▸ Directions for this task: Your answer must be the exact lines below, starting with the line with "日前,江苏省盐城市大丰区三龙" and going on through the line with "Selling a Radio", both included, with no pictures.

▸ Task input:
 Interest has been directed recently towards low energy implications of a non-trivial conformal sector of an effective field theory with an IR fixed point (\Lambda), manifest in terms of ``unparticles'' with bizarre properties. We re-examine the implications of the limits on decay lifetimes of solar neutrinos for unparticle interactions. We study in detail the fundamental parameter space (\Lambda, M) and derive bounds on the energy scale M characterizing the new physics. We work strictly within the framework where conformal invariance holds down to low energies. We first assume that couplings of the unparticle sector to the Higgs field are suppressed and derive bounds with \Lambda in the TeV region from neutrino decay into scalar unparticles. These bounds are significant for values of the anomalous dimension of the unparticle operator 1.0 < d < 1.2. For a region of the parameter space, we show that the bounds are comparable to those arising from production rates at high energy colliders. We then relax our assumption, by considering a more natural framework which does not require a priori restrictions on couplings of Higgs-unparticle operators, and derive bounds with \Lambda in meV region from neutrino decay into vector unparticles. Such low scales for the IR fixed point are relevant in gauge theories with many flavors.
--
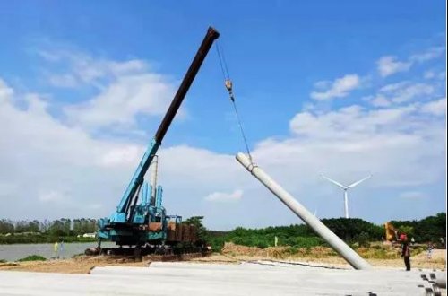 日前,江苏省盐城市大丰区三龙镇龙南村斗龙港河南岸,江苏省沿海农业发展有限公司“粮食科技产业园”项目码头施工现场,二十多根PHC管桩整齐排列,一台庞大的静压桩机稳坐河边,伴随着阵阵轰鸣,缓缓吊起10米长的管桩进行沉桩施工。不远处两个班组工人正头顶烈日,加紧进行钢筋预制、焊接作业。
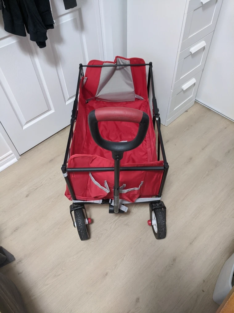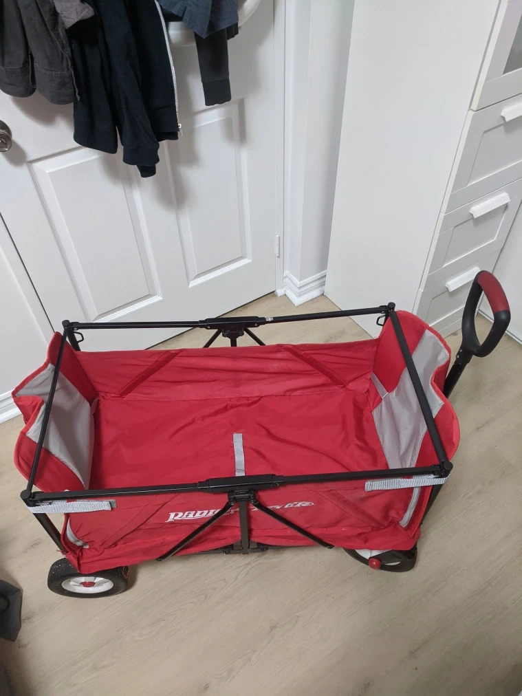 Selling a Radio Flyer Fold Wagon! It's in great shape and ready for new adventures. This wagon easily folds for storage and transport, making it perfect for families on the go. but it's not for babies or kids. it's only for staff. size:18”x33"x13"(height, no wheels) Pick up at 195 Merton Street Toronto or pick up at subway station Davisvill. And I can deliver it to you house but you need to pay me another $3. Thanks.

▸ Answer section:
 日前,江苏省盐城市大丰区三龙镇龙南村斗龙港河南岸,江苏省沿海农业发展有限公司“粮食科技产业园”项目码头施工现场,二十多根PHC管桩整齐排列,一台庞大的静压桩机稳坐河边,伴随着阵阵轰鸣,缓缓吊起10米长的管桩进行沉桩施工。不远处两个班组工人正头顶烈日,加紧进行钢筋预制、焊接作业。
 Selling a Radio Flyer Fold Wagon! It's in great shape and ready for new adventures. This wagon easily folds for storage and transport, making it perfect for families on the go. but it's not for babies or kids. it's only for staff. size:18”x33"x13"(height, no wheels) Pick up at 195 Merton Street Toronto or pick up at subway station Davisvill. And I can deliver it to you house but you need to pay me another $3. Thanks.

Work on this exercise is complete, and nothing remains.